*MATERIAL FOR THIS TASK*.
○ ○ ○
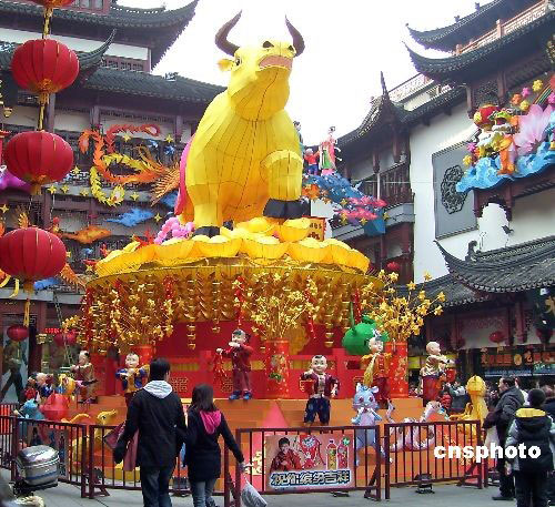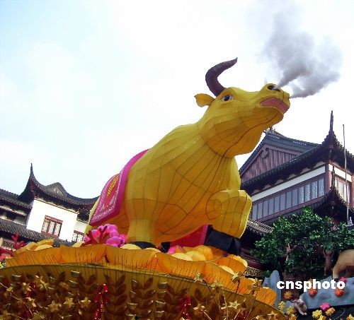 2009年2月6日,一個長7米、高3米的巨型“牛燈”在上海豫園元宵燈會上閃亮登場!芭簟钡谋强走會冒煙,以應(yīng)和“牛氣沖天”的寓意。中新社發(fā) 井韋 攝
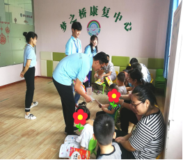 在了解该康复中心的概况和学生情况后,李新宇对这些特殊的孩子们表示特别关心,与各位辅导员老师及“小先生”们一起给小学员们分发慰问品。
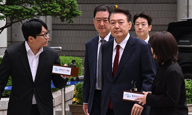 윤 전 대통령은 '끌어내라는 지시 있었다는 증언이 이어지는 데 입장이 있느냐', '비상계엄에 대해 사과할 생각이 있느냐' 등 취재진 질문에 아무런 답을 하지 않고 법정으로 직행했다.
○ ○ ○
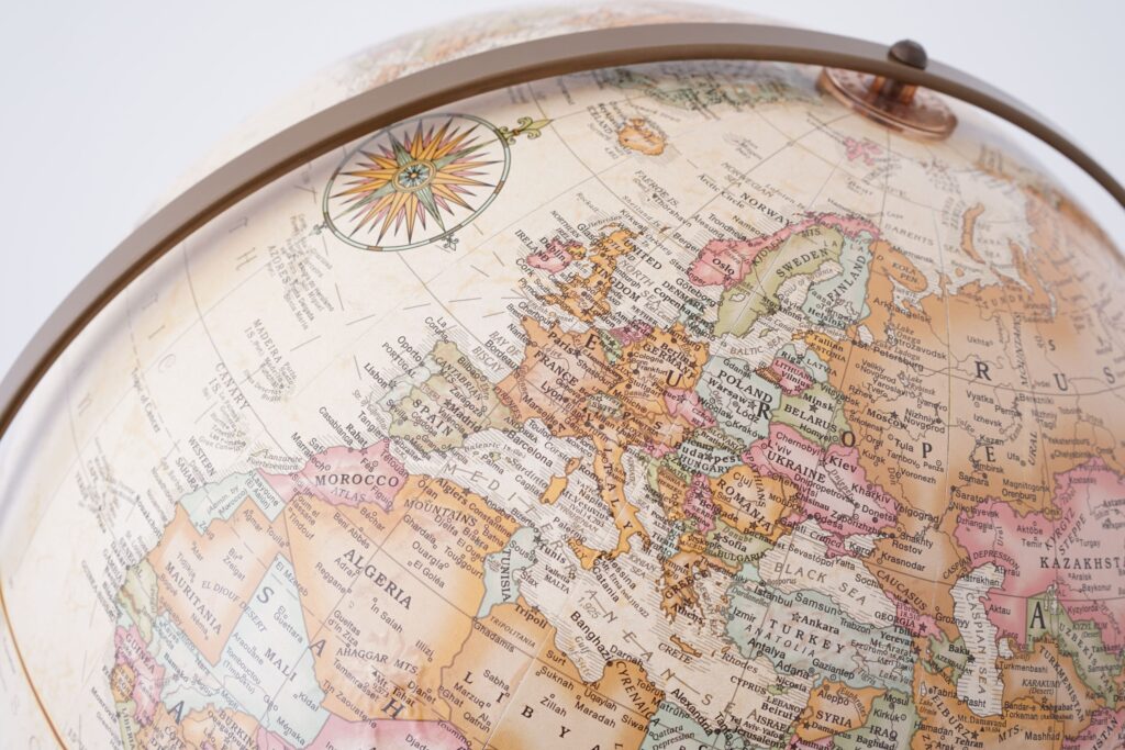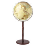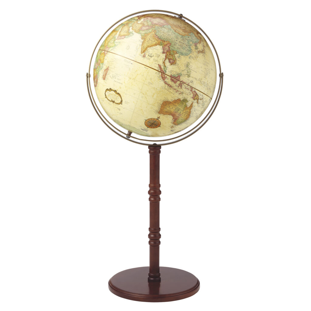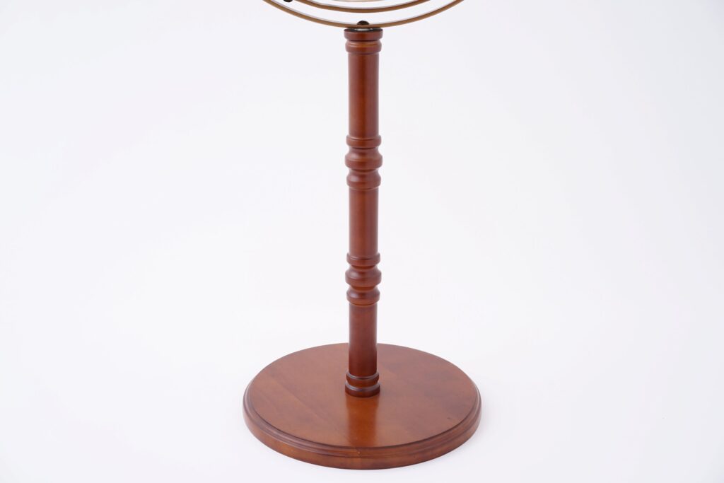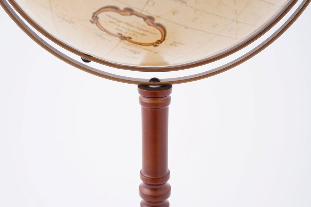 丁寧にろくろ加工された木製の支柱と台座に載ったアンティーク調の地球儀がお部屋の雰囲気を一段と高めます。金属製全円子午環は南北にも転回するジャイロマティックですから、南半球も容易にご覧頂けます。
○ ○ ○
*PROBLEM REQUIREMENTS*. No picture is to be printed. Output exactly the lines above from the line containing "在了解该康复中心的概况和学生" through the line containing "윤 전 대통령은 '끌어내라는".

*COMPLETED TASK*.
 在了解该康复中心的概况和学生情况后,李新宇对这些特殊的孩子们表示特别关心,与各位辅导员老师及“小先生”们一起给小学员们分发慰问品。
 윤 전 대통령은 '끌어내라는 지시 있었다는 증언이 이어지는 데 입장이 있느냐', '비상계엄에 대해 사과할 생각이 있느냐' 등 취재진 질문에 아무런 답을 하지 않고 법정으로 직행했다.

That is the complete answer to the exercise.